View Full Version : Need help programming DUP on an every other day split for Strength/hypertrophy

12-01-2014, 02:43 AM
Just wanted to state that I've read the books and all the articles here, but somehow most of the information here is catered towards powerlifting. I train on an every other day split, with my goals being both strength and hypertrophy, hence my title. As i'm not a powerlifter, i base my routine around the few compounds i want to improve upon the most, which is the squat, bench press, overhead press, weighted chin, deadlift and pendlay row. I wanted to implement DUP principles but i realised its more or less a power hypertrophy split, with one day focusing on lower rep ranges for strength and another day on higher reps for hypertrophy.

A rough example i have come up with is this :

A1: Squat, Bench, Pendlay Row STR

B1: Deadlift, OHP, Weighted Chins STR

A2: Squat, Bench, chest supported row HYPERTORPHY

B2: Deadlift variation, OHP, chins/pullups HYPERTROPHY

on 'A' days i follow the main movements up with a chest and bicep isolation exercise and do myo reps, and side raises and triceps on 'B' days.
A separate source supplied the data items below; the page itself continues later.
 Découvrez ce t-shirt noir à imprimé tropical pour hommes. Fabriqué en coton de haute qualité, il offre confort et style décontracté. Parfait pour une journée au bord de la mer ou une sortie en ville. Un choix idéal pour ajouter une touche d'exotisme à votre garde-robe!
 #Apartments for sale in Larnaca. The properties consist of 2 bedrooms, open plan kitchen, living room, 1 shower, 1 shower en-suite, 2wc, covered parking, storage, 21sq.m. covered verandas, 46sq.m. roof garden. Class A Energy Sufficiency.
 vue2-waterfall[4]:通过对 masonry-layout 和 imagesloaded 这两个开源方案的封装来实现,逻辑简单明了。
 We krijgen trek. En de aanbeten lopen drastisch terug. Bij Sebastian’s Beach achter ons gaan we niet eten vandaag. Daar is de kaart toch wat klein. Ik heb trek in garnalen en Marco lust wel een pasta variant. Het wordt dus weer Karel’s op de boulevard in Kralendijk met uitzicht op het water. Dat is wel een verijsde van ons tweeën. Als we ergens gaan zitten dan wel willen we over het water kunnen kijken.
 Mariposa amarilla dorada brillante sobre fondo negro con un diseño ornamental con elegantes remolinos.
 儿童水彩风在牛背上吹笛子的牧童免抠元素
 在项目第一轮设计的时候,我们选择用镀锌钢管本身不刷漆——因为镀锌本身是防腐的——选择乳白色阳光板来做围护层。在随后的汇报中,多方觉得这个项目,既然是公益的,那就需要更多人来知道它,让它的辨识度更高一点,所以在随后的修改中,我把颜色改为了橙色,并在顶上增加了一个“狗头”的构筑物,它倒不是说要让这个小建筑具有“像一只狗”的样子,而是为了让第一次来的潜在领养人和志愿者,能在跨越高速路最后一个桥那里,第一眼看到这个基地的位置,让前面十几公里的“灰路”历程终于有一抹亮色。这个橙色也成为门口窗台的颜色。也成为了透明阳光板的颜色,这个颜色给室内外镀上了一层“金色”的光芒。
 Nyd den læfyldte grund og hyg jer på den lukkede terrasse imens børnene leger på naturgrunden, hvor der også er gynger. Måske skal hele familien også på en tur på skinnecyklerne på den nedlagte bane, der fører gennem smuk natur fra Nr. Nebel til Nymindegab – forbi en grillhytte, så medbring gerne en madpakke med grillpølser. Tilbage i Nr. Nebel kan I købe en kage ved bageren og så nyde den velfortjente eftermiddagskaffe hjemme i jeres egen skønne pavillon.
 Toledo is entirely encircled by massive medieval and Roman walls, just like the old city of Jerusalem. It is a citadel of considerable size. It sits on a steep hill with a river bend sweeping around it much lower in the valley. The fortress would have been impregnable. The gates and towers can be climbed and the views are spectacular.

the main problem i have is how to program fatigue percents and RPES for the main movements, i'm guessing something like

STR days = x4-6 @9, Load drop (how much fatigue %?) also what difference does working to @9rpe have compared to @9.5 or even @8?

HYPERTROPHY days = X8-12@8, Repeats (for more volume, something like 4-6%, which equates to @9?)

I'm working on an every other day split so how does this DUP schedule work?

EDIT: i was also wondering if following mike zourdos' DUP setup would be beneficial to me for my goals, in this case adding Power days. And if so, how would i program them in?

12-01-2014, 07:10 AM
Interesting, I like EoD training, usually fits well with my schedule and I feel it's more forgiving if I for some reason need to postpone a session by one day. I would start with 5% fatigue, then gradually increase. When only training each lift 2 times / week you should be able to handle 7-8% fatigue. I would keep strength days between x2-4 @9 and hypertrophy x6-8 @8

12-02-2014, 08:01 PM
Yea i feel that EoD suits me just nicely, training one day then taking the next day off gives me enough mental and physical recovery. Anyway, in regards to fatigue percents, should there be any difference for my STR days and hypertrophy days and why? I'm trying to find a nice balance where i can have long term progress, seeing as im not a powerlifter with any peaking phases so most of my variables such as RPE and fatigue percents remain constant. Really appreciate the help

Mike Tuchscherer
12-04-2014, 01:31 AM
If you're in doubt, just default to medium fatigue (4-6% in most cases). You can do more with it by mixing in high stress and low stress, but explaining it here is rather difficult. I'm working on a video explanation. And you can get impressive results just from doing medium stress training for quite a while.

The difference between RPEs... It's mostly in terms of a continuum. Specificity <----------------------> Volume. Lower RPE's allow you to get more volume (usually), but they are a bit less specific when it comes to strength.